1. Field of the Invention
The present invention relates to tuning fork-type crystal vibrators (also referred to as “tuning fork-type vibrators” hereinafter) having grooves in both principal surfaces of a pair of tuning fork arms, and in particular to subminiature tuning fork-type vibrators whose shock resistance is improved and whose crystal impedance (also referred to as “CI” hereinafter) is kept small.
2. Description of the Related Art
Tuning fork-type vibrators are widely used as signal sources for keeping time in wrist watches, and in recent years, they have come to be used as synchronization signal sources in portable electronic devices. Thus, as electronic devices are becoming smaller, there is a growing demand for smaller tuning fork-type vibrators.
FIG. 7A and FIG. 7B are diagrams illustrating a conventional example of a tuning fork-type vibrator. FIG. 7A is a diagrammatic view of a tuning fork-type vibrator and FIG. 7B is a cross-sectional view of the pair of tuning fork arms taken along M—M in FIG. 7A, indicating the electric field direction.
The tuning fork-type vibrator includes, as shown in FIG. 7A, a tuning fork-shaped crystal element 1. As for the crystallographic axes (XYZ) of the crystal element 1, the X-axis extends along the width direction, the Y-axis extends along the length direction, and the Z-axis extends along the thickness direction. The tuning fork-shaped crystal element 1 is made of a tuning fork base portion 2 and a pair of tuning fork arms 3a and 3b. The leftward direction of the tuning fork-shaped crystal element 1 is the −X axis and the rightward direction is the +X axis. There is basically no directionality to the Y-axis and the Z-axis. There are grooves 4 in the two principal surfaces of each of the pair of tuning fork arms 3. The tuning fork base portion 2 protrudes in a sloping curve from the outer lateral surfaces of the pair of tuning fork arms 3a and 3b, and has two-level base protrusion portions 2a provided with a level step, widening the width of the tuning fork base portion 2. The curved slopes of the base protrusion portions 2a are formed in correspondence with a U-shaped tuning fork slit, so as to maintain the symmetry of the tuning fork arms 3a and 3b. 

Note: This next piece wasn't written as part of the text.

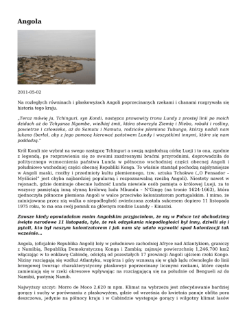 Angola 2011-05-02 Na rozległych równinach i płaskowyżach Angoli poprzecinanych rzekami i chanami rozgrywała się historia tego kraju. „Teraz mówię ja, Tchinguri, syn Kondi, następca prawowity tronu Lundy z prostej linii po moich dzidach aż do Tchyanza Ngombe, wielkiej żmii, która stworzyła Ziemię i Niebo, robaki i rośliny, powietrze i człowieka, aż do Samutu i Namutu, rodziców plemiona Tubungo, którzy nadali nam lukano (berło), aby z jego pomocą kierować państwem Lundy i wszystkimi innymi, które się nam poddadzą.” Król Kondi nie wybrał na swego następcę Tchinguri a swoją najmłodszą córkę Lueji i to ona, zgodnie z legendą, po rozprawieniu się ze swoimi zazdrosnymi braćmi przyrodnimi, doprowadziła do politycznego wzmocnienia państwa Lunda w północno wschodniej części obecnej Angoli i południowo wschodniej części obecnej Republiki Konga. To właśnie stamtąd pochodzą najsłynniejsze w Angoli maski, rzeźby i przedmioty kultu plemiennego, tzw. sztuka Tchokwe („O Pensador – Myśliciel” jest chyba najbardziej popularną i rozpoznawalną rzeżbą Angoli). Niestety nawet w rejonach, gdzie dominuje obecnie ludność Lunda niewiele osób pamięta o królowej Lueji, za to wszyscy pamiętają inną słynną królową ludu Mbundu – N’Gingę (na tronie 1624-1663), która zjednoczyła północne plemiona Angoli w walce przeciwko kolonizatorom portugalskim. I mimo, że zainicjowana przez nią walka o niepodległość zwieńczona została sukcesem dopiero 11 listopada 1975 roku, to ma ona swój pomnik na głównym rondzie Luandy – Kinaxixi. Zawsze kiedy opowiadałam moim Angolskim przyjaciołom, że my w Polsce też obchodzimy święto narodowe 11 listopada, tyle, że rok odzyskania niepodległości był inny, dziwili się i pytali, kto był naszym kolonizatorem i jak nam się udało wyzwolić spod kolonizacji tak wcześnie… Angola, (oficjalnie Republika Angoli) leży w południowo zachodniej Afryce nad Atlantykiem, graniczy z Namibią, Republiką Demokratyczną Konga i Zambią; zajmuje powierzchnię 1,246,700 km2 włączając w to enklawę Cabindę, odciętą od pozostałych 17 prowincji Angoli ujściem rzeki Kongo. Niziny rozciągają się wzdłuż Atlantyku, wzgórza i góry wznoszą się w głąb lądu równolegle do linii brzegowej tworząc charakterystyczny płaskowyż poprzecinany licznymi rzekami, które często zamieniają się w rzeki okresowe wpływając na rozciągającą się na południe od Bengueli aż do Namibii, pustynię Namib. Najwyższy szczyt: Morro de Moco 2,620 m npm. Klimat na wybrzeżu jest zdecydowanie bardziej gorący i suchy w porównaniu z płaskowyżem, gdzie od września do kwietnia panuje obfita pora deszczowa, jedynie na północy kraju i w Cabindzie występuje gorący i wilgotny klimat lasów tropikalnych. Ludność Angoli szacuje się na około 15 milionów, z czego około 5 milionów mieszka w stolicy Luandzie. Większość – 47% – wyznaje wierzenia tradycyjne, 38% wyznaje katolicyzm i 15% to protestanci. Językiem oficjalnym jest portugalski, innymi językami używanymi są języki Bantu, którymi posługuje się ok. 95% ludności. Większość Angolczyków jest pochodzenia Bantu. Najliczniejszą grupą etniczną tego pochodzenia są Ovimbundu (37% ogółu ludności) zamieszkujący centralno – południową część państwa i posługujący się językiem umbundo. Drugą grupą są Mbundu (23%) zamieszkujący centralno – północną część Angoli i mówiący w Kimbundo. Język ten, jako język stolicy i dawnego królestwa N’gola miał wpływ na angolską wersję portugalskiego i sam z niego zapożyczał słownictwo. Na północy skoncentrowane są plemiona Bacongo (13%) ze swoim językiem kikongo, który posiada różnorodne dialekty i który był językiem dawnego Konga. Plemiona Kioko zamieszkują wschód Angoli i posługują się językiem tchokwe, który zdominował inne języki tamtej części państwa. Kwanyama czy nhaneca są innymi językami pochodzenie bantu używanymi w południowej Angoli. Oprócz licznych plemion Bantu i innych (m.in. na południu Buszmeni i plemiona Sun), do dziś mieszka tam ok. 2% ludności białej, Angolczyków, których przodkowie dotarli do Angoli, i którzy przestali czuć się Portugalczykami, a wrośli całkowicie w swoją nową ojczyznę. Jedną z najbardziej widocznych i obecnych w życiu codziennym cech kultury współczesnej Angoli jest muzyka i taniec w sensie tradycyjnym ale też współczesnym kultury miejskiej. Tradycyjne tańce to między innymi kazukuta, cidralia, dizanda, mukixi, efundula, humbi-puberdade, kimuala, kabetula. Typową współczesną formą muzyczną jest semba (nie mylić z brazylijską sambą), taniec tradycyjny massemba pochodzący z centralnej części Angoli charakteryzujący się ruchami prowadzącymi do spotkania ciała kobiety i mężczyzny w postaci szoku (semba). Semba grana obecnie jest rezultatem fuzji i transpozycji współczesnych instrumentów muzycznych takich jak gitara i perkusja z rytmami tradycyjnymi. Drugim bardzo popularnym tancem Angoli jest Kizomba co w kimbundu oznacza święto, celebrację. Jest to taniec bardzo wolny i romantyczny, wymaga dużej elastyczności i współgrania z partnerem. Kizomba miała wpływ na style muzyczne i taneczne w całej Afryce Luzofońskiej i w Portugalii. Pod kuratelą Unii Pisarzy Angolskich działającej od 1975 roku powstaje wiele ciekawych pozycji literatury angolskiej, głównie poezji (pierwszy prezydent Angoli, Agostinho Neto uważany jest za wciąż największego poetę Angoli) i prozy, ale również i literatury dla dzieci. Najbardziej znanym w świecie pisarzem angolskim jest Pepetela (Artur Mauricio Pestana). Pepetela jest jednym z pisarzy Angolskich, którzy stali w centrum wielkich wydarzeń historycznych w latach sześćdziesiątych poprzedniego stulecia, kiedy to świat obserwował wojnę w Wietnamie i solidaryzował się z ruchami wyzwoleńczymi przeciwko kolo

Excitation electrodes 5 for exciting tuning fork vibrations based on bending vibrations are formed in the grooves 4 provided in the two principal surfaces of each of the pair of tuning fork arms 3 as well as on the two lateral surfaces of each of the pair of tuning fork arms 3 (see FIG. 7B). The excitation electrodes 5 respectively put the two principal sides and the two lateral surfaces of each of the tuning fork arms 3a and 3b to the same potential, and put the two principal surfaces at opposite potentials to the two lateral surfaces. Moreover, they are wired such that the two principal sides and the two lateral surfaces of the tuning fork arm 3a are at opposite potentials to the two principal sides and the two lateral surfaces of the tuning fork arms 3b, respectively.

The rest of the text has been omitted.